Recipe by **Tinkerbell**
Created for the Greek themed day while I was teaching the 2013 "Cuisine Around the World" cooking elective at The Village Charter School. The salad and dressing are modified versions of Mary's Greek Couscous Salad and BeachGirl's Greek Salad Dressing. Cook time is chilling and cooking couscous.
- 1 garlic clove, minced
- 1⁄8 teaspoon salt
- 1 teaspoon Dijon mustard
- 1⁄4 cup extra virgin olive oil
- 2 tablespoons fresh lemon juice
- 1⁄4 teaspoon sugar
- 2 1⁄2 tablespoons red wine vinegar
- 1⁄4 teaspoon basil leaves
- 1⁄8 teaspoon oregano leaves
- 1 (6 ounce) package garlic and herb couscous mix
- 3⁄4 cup chickpeas, rinsed
- 1 cucumber, diced & seeded
- 8 grape tomatoes, halved
- 1⁄2 cup feta cheese
- 1⁄2 cup sliced ripe olives
- 3 green onions, sliced
- 1 teaspoon of fresh mint, chopped or 1⁄2 teaspoon dried mint
- 1⁄2 teaspoon all purpose Greek seasoning (I use my Homemade Greek Seasoning Mix)

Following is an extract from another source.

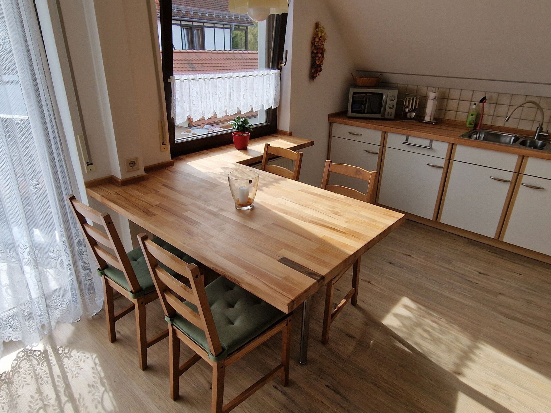 Discover your perfect holiday home in our charming holiday flat, which is located in the idyllic climatic health resort of Jonsdorf, in the heart of the Zittau Mountains. For up to two adults, this accommodation offers a cosy ambience surrounded by a breathtaking low mountain range landscape and promises an unforgettable stay in the south-easternmost corner of Saxony.Inside, you will find a comfortable living room with air conditioning, furnished with a sofa, armchair and a TV with satellite connection. A separate bedroom with a cosy double bed (180x200) ensures peaceful nights. The kitchen is fully equipped with dishwasher, hob, oven, microwave, coffee machine, toaster, kettle, fridge and plenty of crockery. The bathroom not only offers the usual amenities, but also pampers you with a small sauna - ideal for relaxing after an active day.The outdoor area includes amenities such as a barbecue area to make your stay a pleasant one - enjoy the sun on your balcony or make use of the practical car park right next to the house. The flat not only impresses with its high-quality interior design, but also with its lovely outdoor details.The area surrounding the holiday accommodation also has a lot to offer: just 500 metres away you will find shops for your daily needs, while a restaurant and public transport are only 200 metres away. For winter sports enthusiasts, there is a cross-country ski trail just 1 km away, and the local outdoor pool and train station are just as far away, which will delight both summer and winter holidaymakers. Take the opportunity to explore the picturesque surroundings or take day trips to neighbouring countries.Let yourself be enchanted by the charming atmosphere of Jonsdorf and enjoy a stay full of comfort, relaxation and adventure. Whether you want to relax in our oasis of well-being or explore the charming surroundings - our holiday flat is the ideal starting point for your activities. Look forward to relaxing days in one of Saxony's most beautiful landscapes!

Directions See How It's Made
- In jar with tight fitting lid, combine all dressing ingredients and shake until combined. Set aside.
- Cook couscous according to package directions.
- Allow to cool, then fluff with a fork.
- Add the rest of the salad ingredients and 1/2 cup (or all) of the salad dressing. Stir to combine, and chill in refrigerator for 1-2 hours.